Output, exactly as written, the lines below from the one that has "Два прикольных собакена" through the one that has "馆内布置了不少依据航空科学原"; nothing else, and no pictures.

**** DATA FOR THIS EXERCISE ****

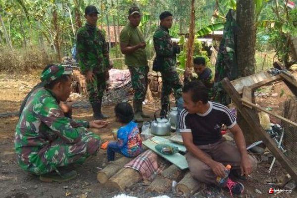 Pratu Edi(26), salah satu Anggota TMMD menunjukan Kegimbaraannya terlihat jelas dari raut wajahnya, bersama warga di tinggalkan rasa malu, mereka bersama menikmati makan siang, lahab sekali menikmatinya
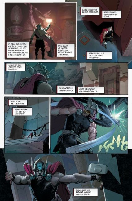 In allen Zeitebenen erleiden Unsterbliche einen brutalen Tod und Thor muss ihren Killer finden. In der fernen Vergangenheit hallt eine Höhle von Schreien gepeinigter Götter wider. Im Hier und Jetzt säumen die Leichen höherer Wesen seinen Weg durch die Tiefen des Kosmos. Und Jahrtausende in der Zukunft schlägt der letzte Fürst von Asgard gegen Horden von Berserkern seine finale Schlacht. Die Jagd führt die Donnerer dreier Epochen letztlich ans Ende aller Tage, wo sämtliche Götter des Alls geknechtet sind und ein Instrument der Vernichtung droht, das Antlitz der Schöpfung für immer zu verändern. Bühne frei für Gorr, den Götterschlächter!
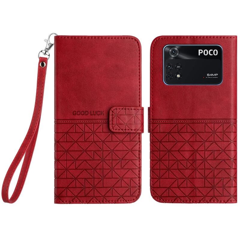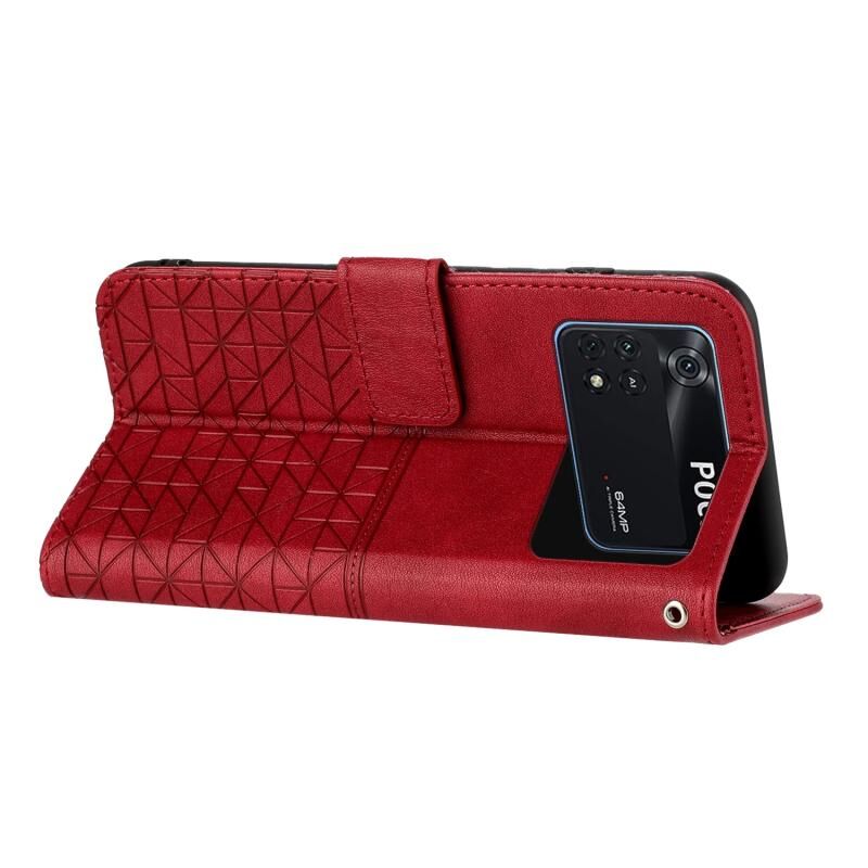 Θήκη δερμάτινη με κορδόνι για Xiaomi Poco M4 Pro - Ρομβοειδές σχέδιο (Κόκκινο)
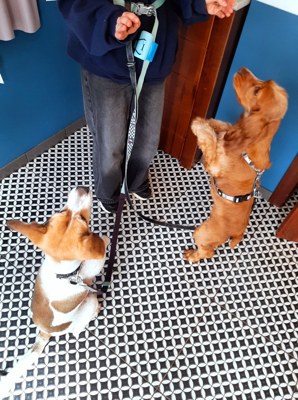 Два прикольных собакена ) оч послушные, все команды выполняют) и хозяйка милая девушка
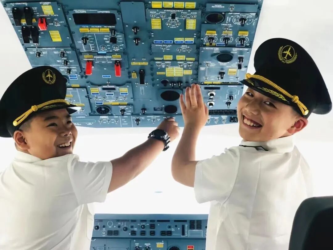 馆内布置了不少依据航空科学原理的模具,可供学生们操作感受。最令他们好奇和最想体验的是一排塞斯纳飞行模拟机。在逼真、生动、刺激的模拟机上,孩子们可以飞越山丘、湖泊、森林、城市,从小就在心里种下飞行的种子。当参观体验临近结束时,学生们还可以穿上馆内提供的小机长服合影留念。一个小时的科普研学时间虽短,但也许这就是航空文化传播最理想的滋润方式。
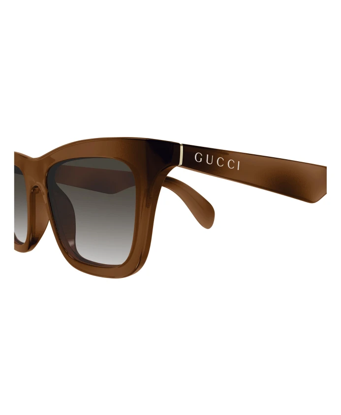 Прямоугольные солнцезащитные очки Gucci сочетают в себе классический прямоугольный силуэт и отделку под черепаховую панцирь цвета «Гавана», обеспечивая повседневную защиту от солнца и изысканный городской образ. Ключевые особенности: Коричневый | Гавана | Литье под давлением | 100% защита от UVA/UVB-лучей | Градиентные линзы | В комплекте защитный футляр | Заушники с логотипом | Прочная литая конструкция оправы | Прямоугольная оправа | Отделка под черепаховую панцирь цвета «Гавана» | Незаметный логотип Gucci на заушниках | Металлическая деталь на шарнире | Размеры и посадка: Длина заушника: 14,5 см | Высота линзы: 3,8 см | Ширина переносицы: 1,8 см | Высота оправы: 4,7 см | Ширина оправы: 14,4 см | Расстояние между шарнирами: 13 см | Размер оправы: 53-18-145 мм | Состав и уход: Литье под давлением. Хранить в прилагаемом футляре. Чистить мягкой сухой тканью. При необходимости использовать влажную ткань с мягким моющим средством. Не используйте растворители (например, спирт, ацетон) или агрессивные чистящие средства.
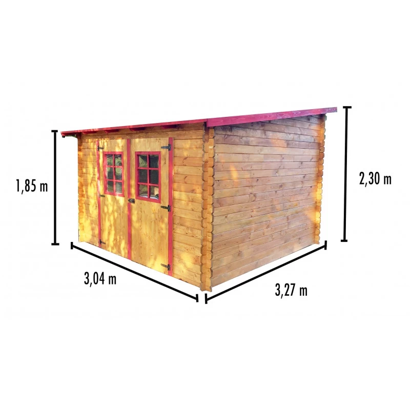 • Abri en bois de belle finition aspect brun-rosé, naturellement durable ne nécessitant pas de traitement chimique
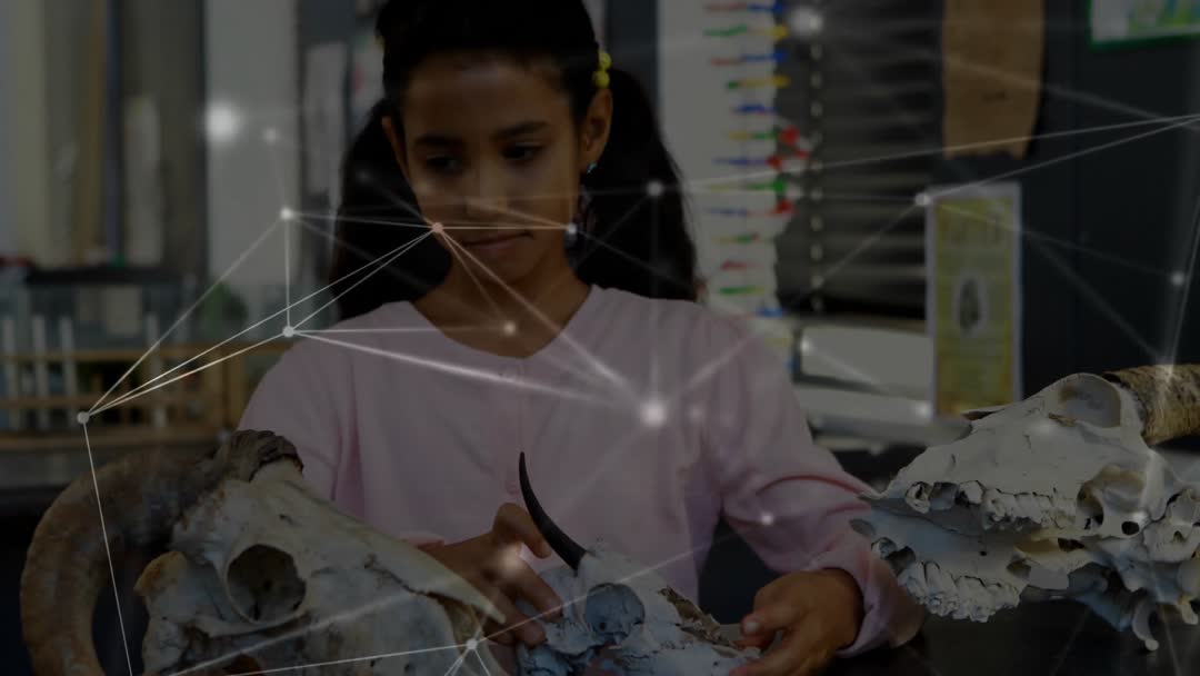 This visual captures a young student engaging actively with animal skulls in an educational setting, highlighting curiosity and hands-on scientific curiosity. Ideal for promoting school science programs, educational initiatives, or materials on experiential learning in child development.
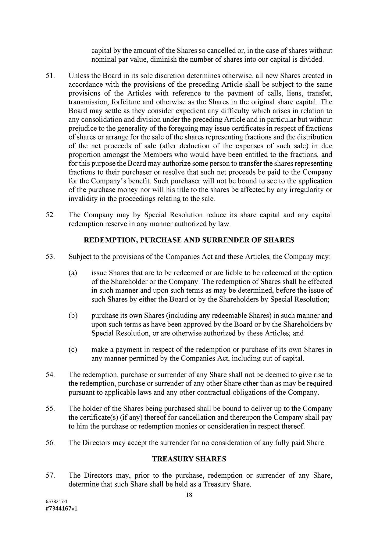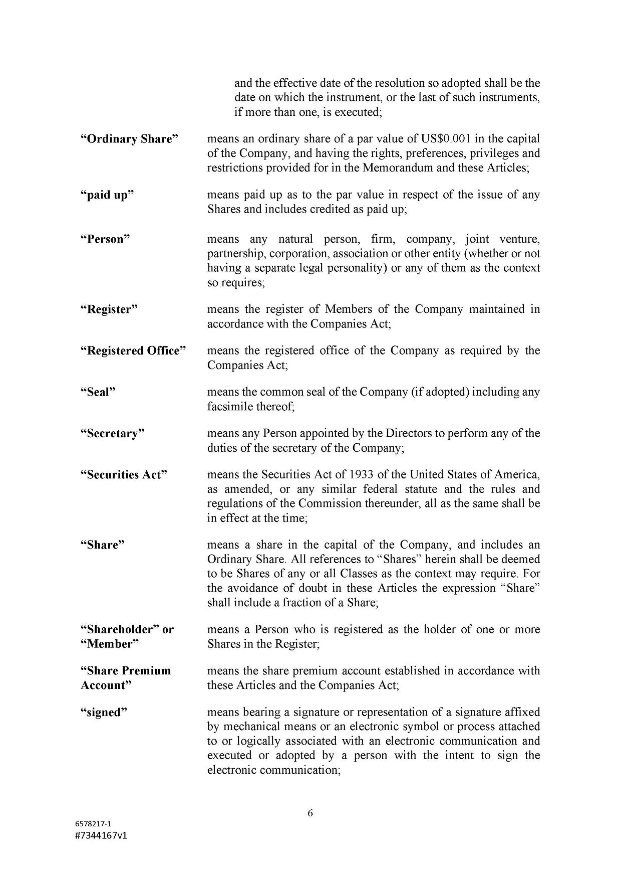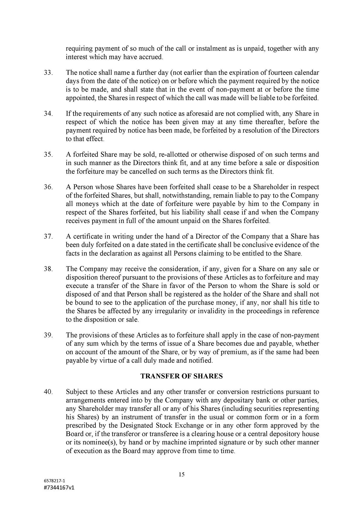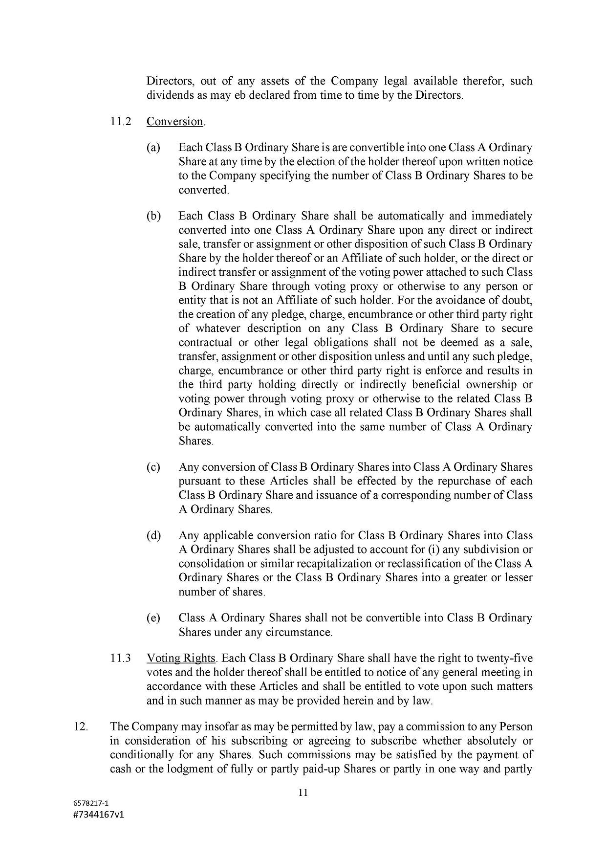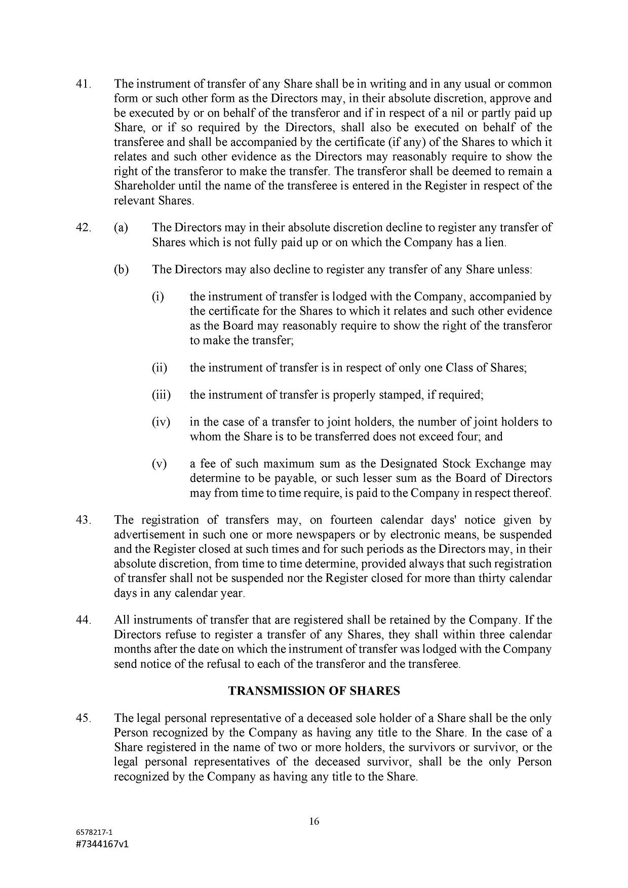 Subject to the Second Amended and Restated Memorandum and Articles of Association and any other transfer or conversion restrictions pursuant to arrangements entered into by the Company with any depositary bank or other parties, any Shareholder may transfer all or any of his Shares (including securities representing his Shares) by an instrument of transfer in the usual or common form or in a form prescribed by the Designated Stock Exchange or in any other form approved by the Board or, if the transferor or transferee is a clearing house or a central depository house or its nominee(s), by hand or by machine imprinted signature or by such other manner of execution as the Board may approve from time to time.
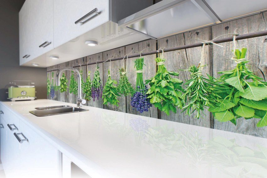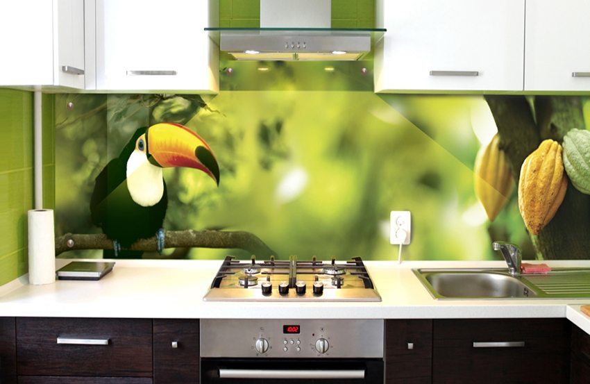 סינרים למטבח, מעור עור: תמונות של אפשרויות עיצוב לוחות זכוכית
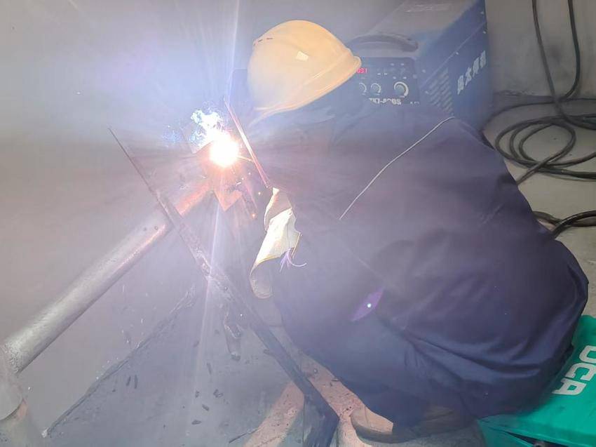 培训现场,气氛热烈,秩序井然。实操区焊花飞溅、弧光闪烁,学员们佩戴防护装备,分组轮训,反复练习运条、收弧、接头等关键动作。冉作义巡回指导,手把手纠正操作偏差,强调“每一个焊点都关乎安全与质量”。不少职工利用午休时间加练,老中青三代焊工围坐交流,分享心得,形成“比学赶帮超”的浓厚氛围。
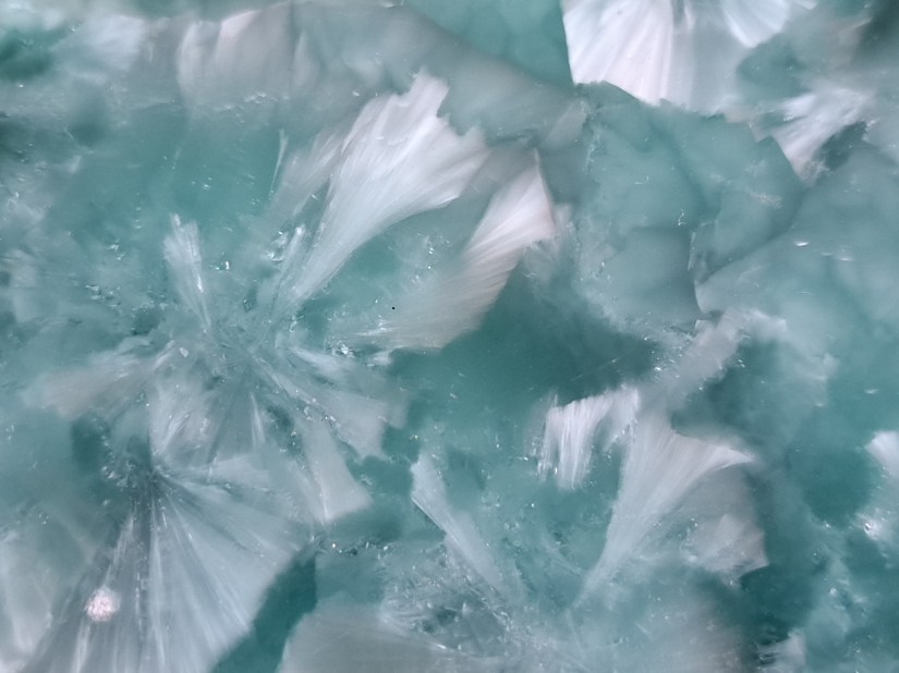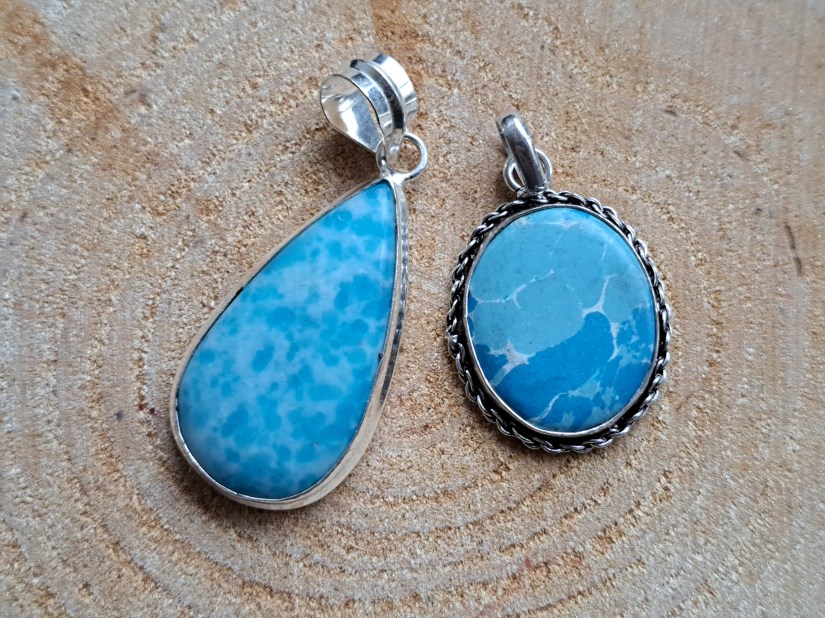 Because of its popularity and high prices, imitation varieties are increasingly appearing on the market. Blue hemimorphite and aragonite, as well as the man-made “Victoria Stone” (often referred to as Chinese larimar), are well-known substitutes. Clay pendants and dyed natural stones are also sometimes sold as larimar. In natural larimar, crystals are typically fibrous and radiating, which causes the characteristic cloud-like patterns. Porous material is sometimes impregnated to improve durability.

****

- _SOLUTION TO THE EXERCISE_:
 Два прикольных собакена ) оч послушные, все команды выполняют) и хозяйка милая девушка
 馆内布置了不少依据航空科学原理的模具,可供学生们操作感受。最令他们好奇和最想体验的是一排塞斯纳飞行模拟机。在逼真、生动、刺激的模拟机上,孩子们可以飞越山丘、湖泊、森林、城市,从小就在心里种下飞行的种子。当参观体验临近结束时,学生们还可以穿上馆内提供的小机长服合影留念。一个小时的科普研学时间虽短,但也许这就是航空文化传播最理想的滋润方式。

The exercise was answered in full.